Starving Madaya: A story of shame
Date: 2016-01-08 17:48
Pictures and videos of people from Madaya have recently gone viral across media outlets showing Assad’s and Hezbollah’s atrocities towards this Lebanon-neighboring town.
The footage showed people so severely starved and malnourished that they had to resort to eating leaves and boiling spices with water in an attempt to survive this 6 month-old siege that has dried up all of the town’s resources.
This siege, enforced by Assad and Hezbollah, has become an obvious attempt in satisfying the demographic change planned for.
To understand what is happening in Madaya, one must go back to the events starting from the city of Zabadani. Assad loyalists had continuously and with difficulty tried to break into this Madaya-neighboring city since 2012. When Assad failed, he called upon his ally Hezbollah to lend a helping hand in terrorizing the city.
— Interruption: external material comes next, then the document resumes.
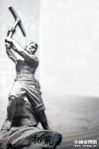天福集團(tuán)“唐山過(guò)臺(tái)灣”石雕園內(nèi)的“拓荒”雕像。(圖片翻攝自天福集團(tuán)宣傳冊(cè))

With Zabadani fighters’ resilience, Hezbollah had to resort to sending many of its finest men until it was able to break into Zabadani and gain control of 80% of the city, after the two partners had launched more than 3,000 barrel bombs and hundreds of missiles on to the people residing in Zabadani.
The siege on Madaya began in parallel with the Assad and Hezbollah aggression on the people of Zabadani.
Planning for the siege
In the next step and after the persistence of 600 fighters to stand their grounds and not leave Zabadani a truce was put forward. The truce stated that by 2/7/2015 a ceasefire must take place, the injured must be let out and the siege on Madaya, which harbored 20,000 residents, must be broken.
During the implementation of the cease-fire, Assad began implementing the demographic change policy. He began shoving the families of Zabadani into neighboring Madaya, gradually the population of Madaya reached 40,000.
In this way, Assad and Hezbollah would inflict on those who stayed a genocide by starving them to death or pushing them to voluntarily flee from the area.
Starvation is a moneymaker
Day by day, as the siege tightened on the throats of the people in Madaya, Hezbollah militias and Assad loyalists turned the siege into their own profitable business; the more the people got hungry, the more money they made.
Some families of the upper-class were able to get out of Madaya after Hezbollah militia’s agreement on the condition that it will cost 1500 USD per person.
The latest news announced that Hezbollah militia suggested to buy the lands and houses from the residents of Madaya in exchange for food or for some to leave the besieged town.
In order to further tighten the siege, 6,000 landmines were planted around the 5 square kilometers town.
Due to the siege, the prices of food skyrocketed making the price of rice and bulgur to reach the highest number ever recorded before; 1 kg of rice for 100,000 Syrian pounds which equals to 0, while 1 kg of Nido children’s milk reached a price of 300 USD.
One of the people residing in the besieged town offered his car in exchange for 10 kg of rice and 2 kg of milk.
The people under siege could not cope with the intensity of the prices and the greed of the traders so they turned to eating leaves and grass.
The last week of December, 5 young men gave themselves up to Assad loyalists in return for their families to be transported to an Assad-controlled town east of Zabadani in hopes for their families regain their lives.
With starvation grasping every moving body in Madaya, snipers targeting all who try to escape and landmines surrounding this small town, 37 people have been reported dead so far, of whom 11 were children.
The UN responded to the cries of the besieged people of Madaya by releasing a statement condemning the crimes committed in the town against the civilians. The international organization confirmed later that after communicating with Assad regime, it allowed a passageway to get the urgently needed aid into the besieged areas.
The starving people in Madaya are now waiting for the humanitarian aid to reach along with a committee that could document what they have been enduring for half a year now and perhaps protect the lives of the innocent malnourished children.